Mr Johnson was heckled on Thursday during a visit to a school in Somerset and he cancelled a planned visit to a bakery near Glastonbury where protesters had gathered.

Nigel Farage has threatened to report the Conservatives to the police, claiming that Downing Street offered jobs and peerages to Brexit Party candidates who agreed to withdraw from the election. Mr Farage agreed this week to stand down his party's candidates in 317 seats won by the Conservatives in 2019 but he is standing candidates in Labour-held seats the Tories are targeting.

‘Police investigations’

“There are lots of peerages being offered. This is full-on Venezuelan style corruption. Today has been an industrial scale attempt to stop free and open politics happening in our country. Number 10 has been directly involved and many thousands of activists all over the country in a concerted way. Some of the phone calls are nice, some are less than nice,” he said.
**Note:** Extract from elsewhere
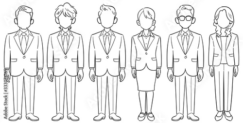 6人の匿名のビジネスパーソン ポーズのない男女のセット
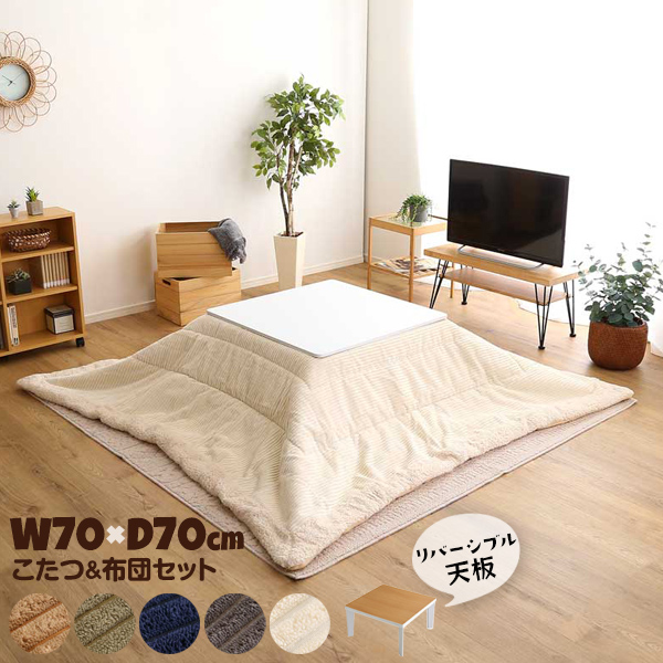 こたつと布団セット 正方形 70×70cm リバーシブル天板 シンプル 木目調 ホワイト こたつ布団 コーデュロイ フリース裏地 1人暮らし 専用炬燵

“I expect there will be police investigations into what has gone on here. The offer of peerages for material return is clearly an offence. And I think this may unravel over the next couple of days.”

Downing Street denied making any such offer and three Brexit Party candidates who withdrew just before nominations closed on Thursday said they had not been offered peerages. Rupert Lowe, who withdrew as a candidate in Dudley North, one of Britain's tightest marginal seats, said he feared he would split the pro-Brexit vote.